I don’t know if I’ve just been exposed to awful people all my life and that’s why my standards are a bit messed up, but what I think usually happens is that people repress their guilt, and after a while they expect forgiveness — and they’re willing to give it to themselves because time alone makes them feel entitled to it. I’m not sure if this is a correct moral assessment, but I hold grudges forever, so I’m presumably the worst person to evaluate this.
If enough time has passed and you’ve accepted responsibility, you’ll probably try to move on with your life, and that mistake won’t define everything you do afterward — especially when it comes to a choice you made simply to get yourself out of misery. It will probably stay in the back of your mind, but generally what happens with truly selfish people is that they immediately justify themselves and refuse to take any kind of responsibility, even when they aren’t facing starvation or any real threat.

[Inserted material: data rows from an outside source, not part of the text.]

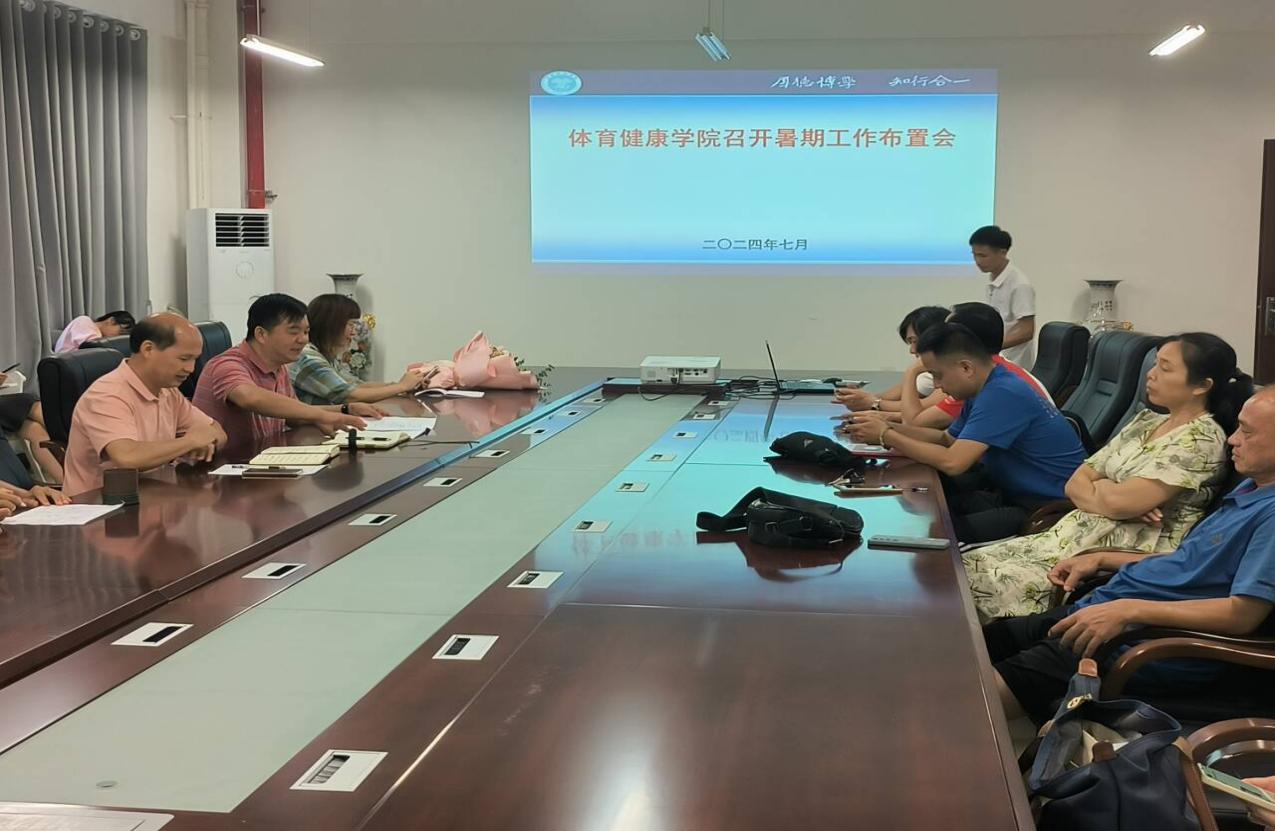 7月13日,诸侯快讯入口官网于玉林师范学院东校区崇德楼A226会议室召开暑期工作布置会。本次会议全体教职工参会,由公体部主任李远华主持。
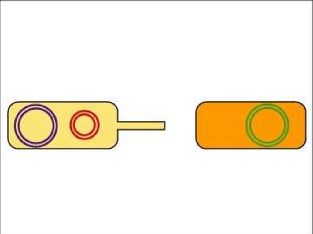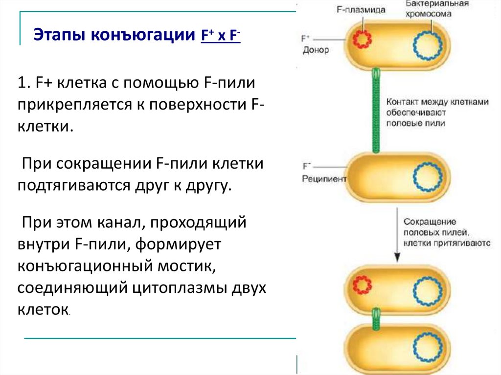 Этапы конъюгации F+ x F1. F+ клетка с помощью F-пилиприкрепляется к поверхности Fклетки.
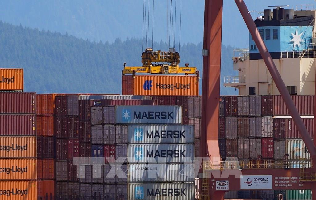 Ngày 10/7/2025, Tổng thống Mỹ Donald Trump tuyên bố mức thuế 35% sẽ được áp dụng đối với hàng hóa nhập khẩu từ Canada, bắt đầu từ ngày 1/8. Cũng từ thời điểm này, đồng nhập khẩu vào Mỹ sẽ bị áp mức thuế 50%, sau khi ông chủ Nhà Trắng có được đánh giá về an ninh quốc gia. Ảnh: Cảng container hàng hóa tại Vancouver, Canada. THX/TTXVN
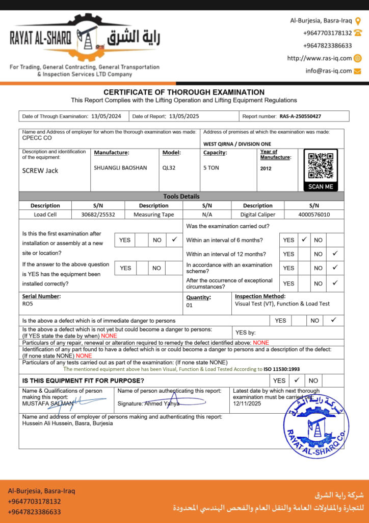 LIFTING INSPECTION
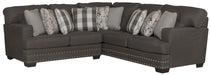 The contemporary farmhouse styling of the Crawford sectional brings comfort and style to any room. The seats are constructed of individually pocketed coils encased in foam and topped with a layer of cool gel infused memory foam for a long lasting, comfortable and supportive seat. Covered in a soft durable 100% polyester fabric the Crawford is durable enough for use in a family room, basement or bonus room. The exceptional styling shows through with the included decorator accent pillows and nickel nail head accents along the base rail.
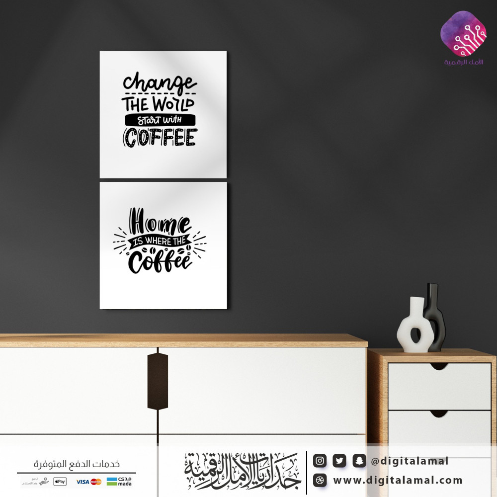 لوحات جدارية متعددة بتصميم عصري لمحبي القهوة-لوحات جدارية متعددة مكونة من جزئين، بتصميم عصري وجذاب،اللوحات مصنوعة من خامة الكانفاس المشدود على اطار خشبي متين مخفي ،مصممة ومطبوعة بدقة واحترافية عالية لتناسب ديكورات المنازل والمقاهي ، استخدمت أحبار ذات جودة عالية،لتضفي على الأثاث رونقاً وجمالاً

Jinu’s sense of self is completely twisted by his guilt and shame, and he’s painfully aware of what he did. He doesn’t justify himself at all. When he lies about what happened, it’s because he’s facing a hunter who is threatening to send him back to hell (in their first meeting). After that, he becomes emotionally involved, but even when Rumi offers him a justification — saying he was just trying to help his family — he rejects it and insists it’s more complicated. In the end, he admits the truth and uses it to prove to both himself and Rumi that he’s a monster.
I’m not saying any of this is healthy. What I’m saying is that Jinu is unequipped to help himself in any meaningful way. He’s being tortured by a powerful, mind-controlling deity, and all he wants is for the pain to stop. I said before that the only redemption he can access is sacrifice, because the redemption he needs is with himself first and foremost — and I don’t think he’d ever be able to enjoy his time away from Gwi-ma knowing that his little sister died of hunger.
I hope he comes back at some point in the story, because after you’ve given everything, you also deserve to heal. It’s important that people who made terrible mistakes heal, just as much as it is that people affected by generational trauma heal.